Adrenal and gonadal development
Next, we ran separate models testing the adrenal and gonadal subscales of the PDS measure separately. Consistent with the results for overall PDS scores, T1 cortisol AUCg was negatively associated with T2 adrenal development for girls. This was the case whether the model included only cortisol sampling time and T1 adrenal development as covariates (b = −0.29, t = 3.73, p = .001) or additional control variables age, race, BMI, and maltreatment type (b = −0.24, t = −3.18, p = .002). Cortisol was not predictive of T2 adrenal development in boys or T2 gonadal development in girls or boys (p > .30).
When we split the sample by gender and maltreatment group, as above, T1 cortisol was predictive of T2 adrenal development in both maltreated (b = −0.29, t = −2.96, p = .004) and nonmaltreated (b = −0.34, t = −2.40, p = .02) girls.
Discussion
This study found girls’ attenuated cortisol to be predictive of a faster tempo of pubertal development, measured over two assessments spaced approximately 1 year apart. Girls with lower cortisol secretion at T1, based on cortisol samples collected during a laboratory stress paradigm, showed more advanced self-reported pubertal development (notably adrenal development) at T2 when controlling for prior-year pubertal stage. These results held when including covariates also associated with pubertal development, such as age, BMI, ethnic minority status, and maltreatment. Boys’ T1 cortisol did not appear to be predictive of T2 pubertal stage, and no significant interaction effects emerged for sex or maltreatment group status. The results were driven by the adrenal development scale (body hair and skin changes), which fits expectations given that adrenal development is linked more closely with the HPA axis and gonadal development with the HPG axis (Dorn & Biro, 2011). These results were specific to AUCg, a measure of total cortisol excretion over the laboratory visit, and did not extend to AUCi, a measure of reactivity that does not include the starting or basal level of cortisol.
This report constitutes one of the first prospective tests of HPA axis activity predicting the tempo of pubertal development. Although researchers have theorized that environmental stress might contribute to both the acceleration and the deceleration of puberty, our results help to reconcile prior ambiguities in the literature by suggesting that the attenuation in cortisol secretion found among some youth exposed to adversity might contribute to accelerated pubertal development among girls. This may occur due to the modulation of the HPA axis’s known suppressive effect on the HPG axis (Chrousos & Gold, 1992). In other words, the “turning down” of the HPA axis in conditions of early chronic stress, which has been seen in numerous studies of youth exposed to psychosocial adversity (Susman, 2006) may facilitate the HPG system’s “turning up” and thereby hasten the tempo of puberty. Another possibility is that early life stress may affect the coupling of the HPA and HPG axes in girls (Ruttle et al., 2013).

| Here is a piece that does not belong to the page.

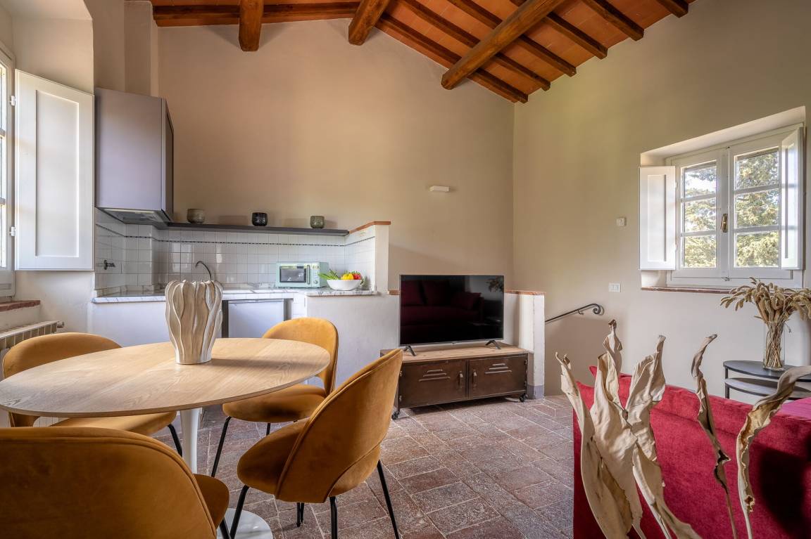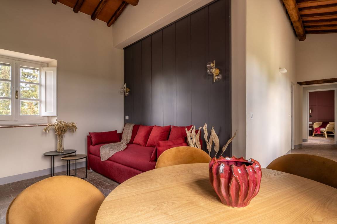 Relais Badia a Passignano - Appartamento Cabernet (65 m²) ist eine zwei-Zimmer Wohneinheit, die auf eins Stockwerk gebaut ist, mit eins Badezimmer. Hier können bis zu vier Leute schlafen.

Much like the dampening of HPA axis activation in a chronic stress/threat context, accelerated pubertal tempo may be adaptive in the short-term but carry longer-term consequences. In the short term, earlier physical maturation may promote children’s independence from an aversive environment. This is consistent with Ellis’ (2004) child development theory, which argued that delayed puberty is adaptive when the childhood environment is nurturing but not when it is harsh or neglectful. For example, girls who become sexually mature sooner may be able to form romantic partnerships that enable escape from an abusive family of origin. However, in the long-term, such a strategy may bring costs, because these romantic partnerships may perpetuate a cycle of early pregnancy and family violence. Early pregnancy increases girls’ risk of single motherhood and poor economic and educational outcomes, and may also disadvantage offspring (e.g., Black & DeBlassie, 1985; Furstenberg, Brooks-Gunn, & Chase-Landsdale, 1989). An accelerated tempo of puberty has been associated with mental and physical health problems, including increased risk of substance use (Arim et al, 2011) and both internalizing and externalizing problems in girls (Marceau et al., 2011).

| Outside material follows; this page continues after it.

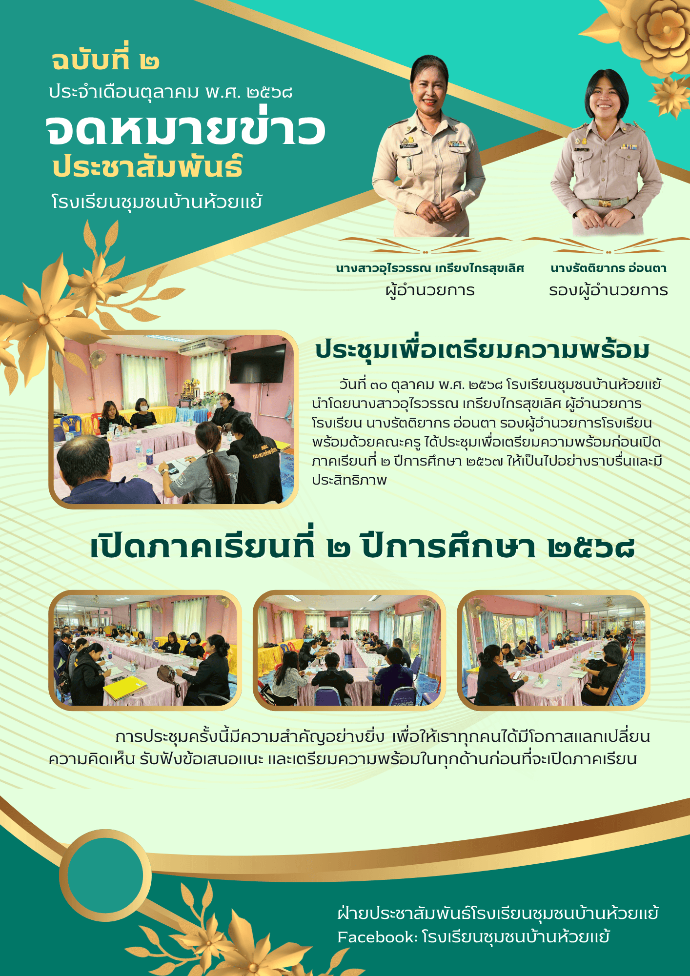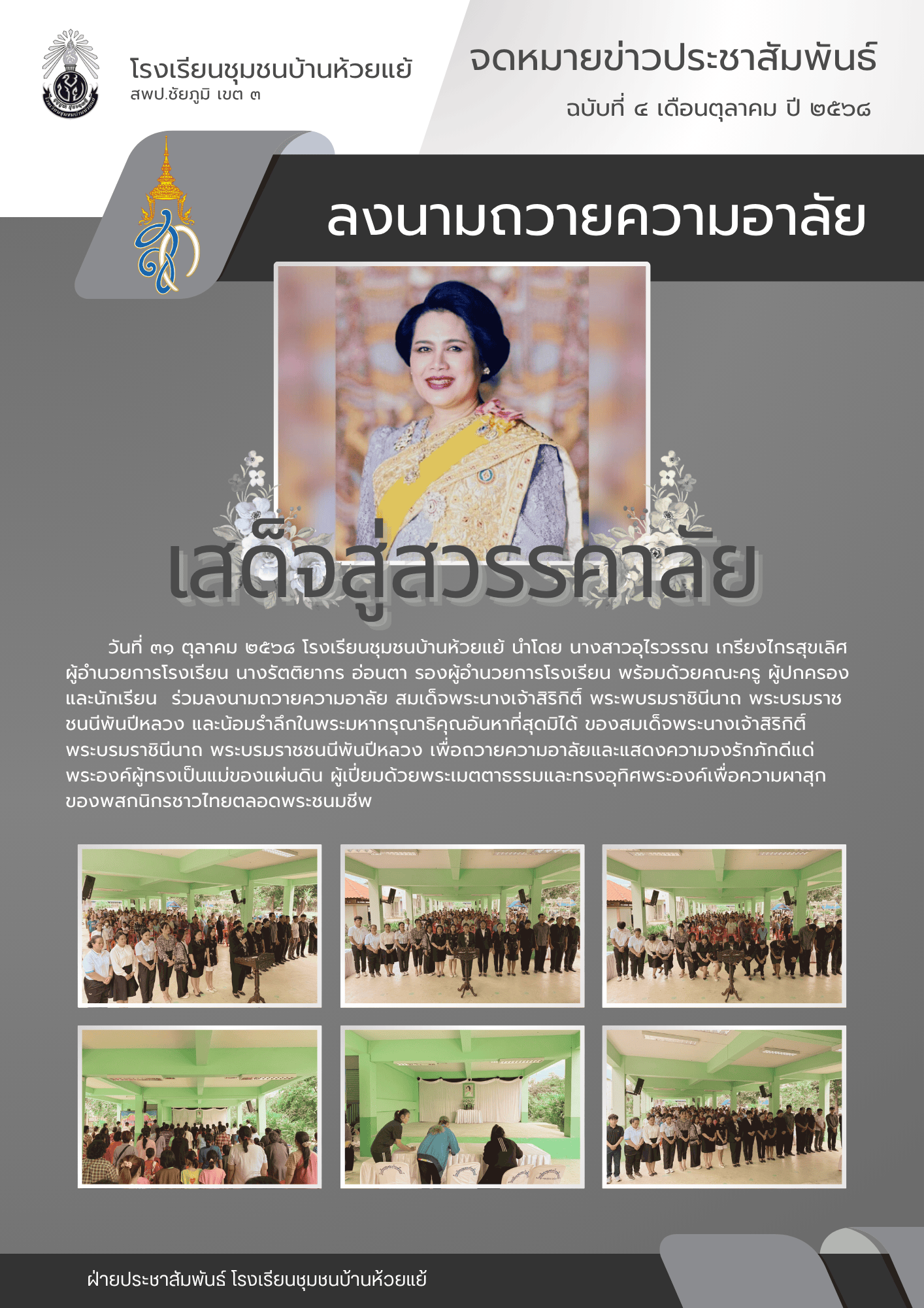 | 3 | วันที่ ๓๑ ตุลาคม ๒๕๖๘ โรงเรียนชุมชนบ้านห้วยแย้ นำโดย นางสาวอุไรวรรณ เกรียงไกรสุขเลิศ

Our results dovetail with those of Ellis et al. (2011), who found first graders’ higher cortisol increases in response to stress and challenge tasks to be linked with a slower tempo of pubertal development up to age 12.5 (and a faster tempo after age 12.5). Our participants were mostly in the pre-12.5 age range, and we also found higher cortisol to be linked with a slower tempo of puberty. Their results were specific to pubic hair development, which is consistent with our significant findings for adrenal but not for gonadal development.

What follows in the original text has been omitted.